Bladder inflammatory diseases cause various urinary symptoms, such as urinary frequency and painful urination, that impair quality of life. In this study, we used a mouse model of cyclophosphamide (CYP)-induced bladder inflammation and immortalized human urothelial (TRT-HU1) cells to explore the preventive potential of nobiletin (NOB), a polymethoxylated flavone enriched in citrus fruit peel, and investigate its mechanism of action in the bladder. Prophylaxis with PMF90 (60% NOB) attenuated the development of bladder inflammation and urinary symptoms in CYP-treated mice. PMF90 also reduced the upregulation of connexin 43 (Cx43), a major component of gap junction channels, in the bladder mucosa of CYP-treated mice. Stimulation of TRT-HU1 cells with the pro-inflammatory cytokine IL-1β increased Cx43 mRNA and protein expression and enhanced gap junction coupling-responses that were prevented by pre-treatment with NOB. In urothelium-specific Cx43 knockout (uCx43KO) mice, macroscopic signs of bladder inflammation and changes in voiding behavior induced by CYP treatment were significantly attenuated when compared to controls. These findings indicate the participation of urothelial Cx43 in the development of bladder inflammation and urinary symptoms in CYP-treated mice and provide pre-clinical evidence for the preventive potential of NOB through its anti-inflammatory effects on IL-1β signaling and urothelial Cx43 expression.
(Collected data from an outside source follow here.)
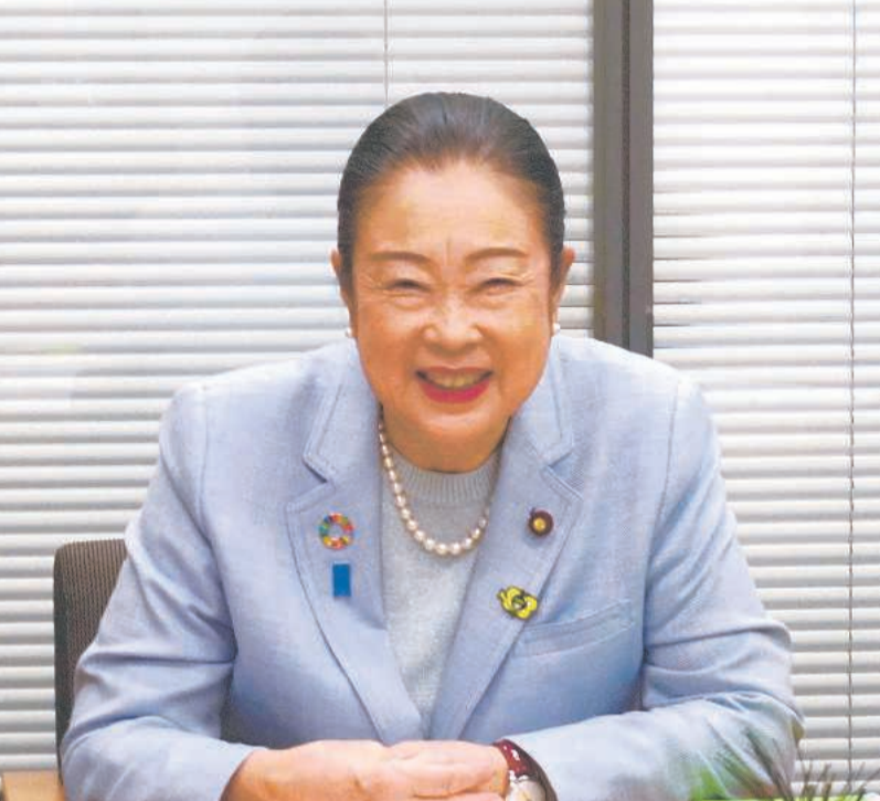
土屋 品子 (つちや・しなこ) 昭和27年2月9日生まれ。平成8年10月の第41回衆議院議員総選挙で初当選。衆議院外務委員長、消費者問題に関する特別委員長、外務大臣政務官、環境副大臣、厚生労働副大臣、復興大臣などを歴任。現在は自民党国際局長代理。 (※略歴は土屋議員公式ホームページのプロフィール、衆議院ホームページの議員情報を基に作成)
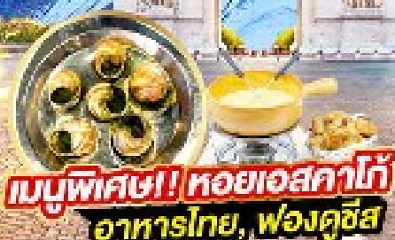
เมนูพิเศษ! หอยเอสคาโก้ อาหารไทย, ฟองดูชีส
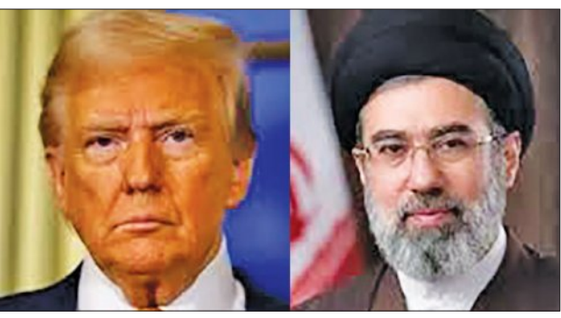
ହୋଇପାରେ ବୋଲି ସଙ୍କେତ ମିଳିଛି । ଦ୍ଵିତୀୟ ପର୍ଯ୍ୟାୟ ଆଲୋଚନା ପାଇଁ ସ୍ଥାନ ମୁଖ୍ୟ ପ୍ରସଙ୍ଗ ହୋଇଛି । ଏଥିପାଇଁ ଇସଲାମାବାଦ ଏବଂ ଜେନେରାଲ ସମ୍ଭାବ୍ୟ ସ୍ଥାନ ଭାବେ ବିଚାର କରାଯାଇଛି । ପୂର୍ବରୁ ହୋଇଥିବା ଆଲୋଚନାରେ ଆମେରିକାର ପ୍ରତିନିଧି ଦଳର ନେତୃତ୍ଵ

ଆଲୋଚନା ହେବାର ସମ୍ଭାବନା ସୃଷ୍ଟି ହୋଇଛି । ଅସ୍ତବିରତି ଶେଷ ହେବା ପୂର୍ବରୁ କୃତ୍ରିମ ପାଇଁ ଲକ୍ଷ୍ୟ ରହିଛି । ଦୁଇ ଦେଶ ମଧ୍ୟରେ ବର୍ତ୍ତମାନ ଦୁଇ ସପ୍ତାହର ଅସ୍ତବିରତି ରହିଛି, ଯାହାର ଅନ୍ତ ଏପ୍ରିଲ ୨୧ରେ ଶେଷ ହେବ । ଏହି ସମୟ ସମୟ ପୂର୍ବରୁ ଏକ ସ୍ଥାୟୀ ସମାଧାନ ବାହାର କରିବାକୁ ଉଭୟ ଆମେରିକା ଏବଂ ଚେହେରାନ ବିଚାର କରୁଥିବା ଜଣାପଡ଼ିଛି । ଆମେରିକା ରାଷ୍ଟ୍ରପତି ଜୋନାହୁ ଗ୍ରମ୍ପ ସୂଚନା ଦେଇଛନ୍ତି ଯେ, ଇରାନ ପକ୍ଷରୁ ବୁଝାମଣା ପାଇଁ ଆଗ୍ରହ ପ୍ରକାଶ ପାଇଛି । ଯଦି ଇରାନ ଆମେରିକାର ସର୍ବଗୁଡ଼ିକୁ ମାନିବାକୁ ପ୍ରସ୍ତୁତ ହୁଏ, ତେବେ ସେ ବ୍ୟକ୍ତିଗତ ଭାବେ ଆଲୋଚନାରେ ସାମିଲ

Day-night changes in the storage capacity of the urinary bladder are indispensable for sound sleep. Connexin 43 (Cx43), a major gap junction protein, forms hemichannels as a pathway of ATP in other cell types, and the urinary bladder utilizes ATP as a mechanotransduction signals to modulate its capacity. Here, we demonstrate that the circadian clock of the urothelium regulates diurnal ATP release through Cx43 hemichannels. Cx43 was expressed in human and mouse urothelium, and clock genes oscillated in the mouse urothelium accompanied by daily cycles in the expression of Cx43 and extracellular ATP release into the bladder lumen. Equivalent chronological changes in Cx43 and ATP were observed in immortalized human urothelial cells, but these diurnal changes were lost in both arrhythmic Bmal1-knockout mice and in BMAL1-knockdown urothelial cells. ATP release was increased by Cx43 overexpression and was decreased in Cx43 knockdown or in the presence of a selective Cx43 hemichannel blocker, which indicated that Cx43 hemichannels are considered part of the components regulating ATP release in the urothelium. Thus, a functional circadian rhythm exists in the urothelium, and coordinates Cx43 expression and function as hemichannels that provide a direct pathway of ATP release for mechanotransduction and signalling in the urothelium.